What I couldn’t explain didn’t disappear — it stayed with me, unshared and intact.
There’s a particular weight that comes from holding something alone, not because it’s secret, but because it resists translation.
I could feel that weight most clearly after conversations ended. When nothing had changed externally, but something had settled more firmly inside me.
Not explaining didn’t reduce the experience. It concentrated it.
When Language Is the Only Release
Sharing doesn’t just inform others — it redistributes weight.
Without that redistribution, everything stayed internal. The experience had nowhere else to go.
I wasn’t overwhelmed in visible ways. I was compressed.

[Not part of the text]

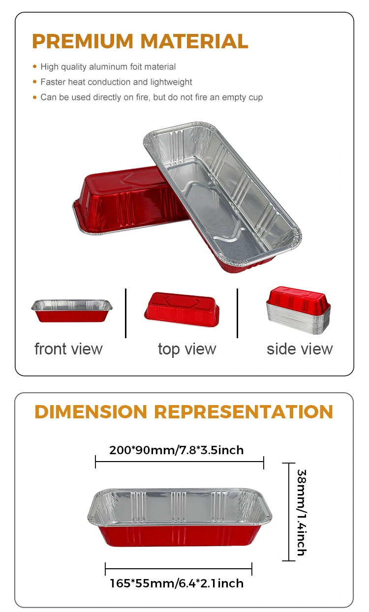 Yunchu Aluminium Foil memberi Anda katering roti merah persegi panjang berkualitas tinggi Wadah Aluminium Foil Perak, yang dirancang tahan lama dan tahan panas, dapat menghantarkan panas secara merata untuk mencegah hangus, dan memiliki penyegelan yang kuat agar tetap segar.

Carrying something alone doesn’t make it stronger — it makes it heavier.
Over time, I adjusted to the weight. Not because it lessened, but because I had no alternative.
It became part of the background — noticeable only when I stopped to acknowledge it.
This internal load appears throughout The Language Gap, where experiences without language stay privately burdensome.
What Unshared Weight Changes
Carrying something alone changes how you move through spaces. You become more careful, more contained.
I learned to conserve energy, to avoid situations that would require explaining what I couldn’t.
That quiet containment echoed another loss I would later recognize in Grief for the Expected Life.
The weight wasn’t the experience itself, but having to carry it without words.